··· Data ···

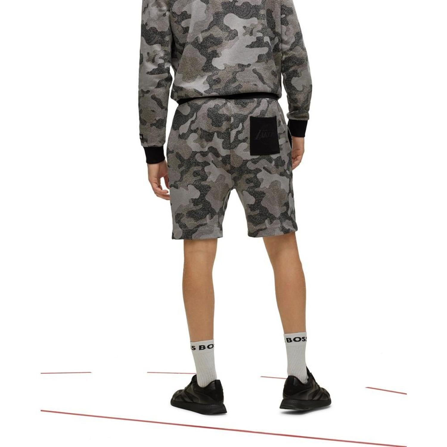 • Sporty shorts by BOSS menswear. For active comfort, these shorts are patterned with a basketball-inspired camouflage motif. Co-branded dynamic casualwear part of a limited-edition Capsule collection in collaboration with the NBA.
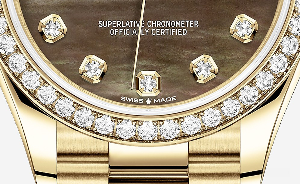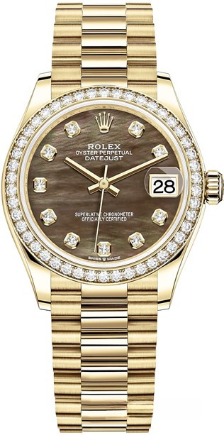 Часы Rolex Datejust Datejust 31mm Yellow Gold выпущены в круглом корпусе из желтого золота 18к. Размер составляет 31 мм, водонепроницаемость 100 м. Внутри корпуса установлен автоматический механизм. На черном жемчужном циферблате с 10-ю белыми бриллиантами отображаются часы, минуты, секунды, дата. Часы комплектуются браслетом из желтого золота 18к. Безель из белых бриллиантов.
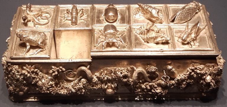 Maria machte im selben Raum auf eine silberne Kassette für verschiedenes Schreibzeug aufmerksam. Sie stammt von Wenzel Jamnitzter um 1560/70 aus Nürnberg (D). Er hatte öfter für das Haus der Habsburger gearbeitet. Die acht Boxen für das Schreibmaterial sind mit Abgüssen von kleinen Tieren, wie Muscheln und Insekten besetzt. Es ist erstaunlich, wie detailgenau diese kleinen Lebewesen und auch Pflanzen gestaltet wurden.
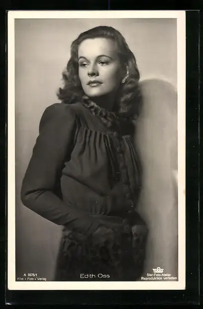 AK Schauspielerin Edith Oss in schwarzer Kleidung

···

Brief:
Here the job is to print all the data exactly, skipping any image.

Expected answer:
 • Sporty shorts by BOSS menswear. For active comfort, these shorts are patterned with a basketball-inspired camouflage motif. Co-branded dynamic casualwear part of a limited-edition Capsule collection in collaboration with the NBA.
 Часы Rolex Datejust Datejust 31mm Yellow Gold выпущены в круглом корпусе из желтого золота 18к. Размер составляет 31 мм, водонепроницаемость 100 м. Внутри корпуса установлен автоматический механизм. На черном жемчужном циферблате с 10-ю белыми бриллиантами отображаются часы, минуты, секунды, дата. Часы комплектуются браслетом из желтого золота 18к. Безель из белых бриллиантов.
 Maria machte im selben Raum auf eine silberne Kassette für verschiedenes Schreibzeug aufmerksam. Sie stammt von Wenzel Jamnitzter um 1560/70 aus Nürnberg (D). Er hatte öfter für das Haus der Habsburger gearbeitet. Die acht Boxen für das Schreibmaterial sind mit Abgüssen von kleinen Tieren, wie Muscheln und Insekten besetzt. Es ist erstaunlich, wie detailgenau diese kleinen Lebewesen und auch Pflanzen gestaltet wurden.
 AK Schauspielerin Edith Oss in schwarzer Kleidung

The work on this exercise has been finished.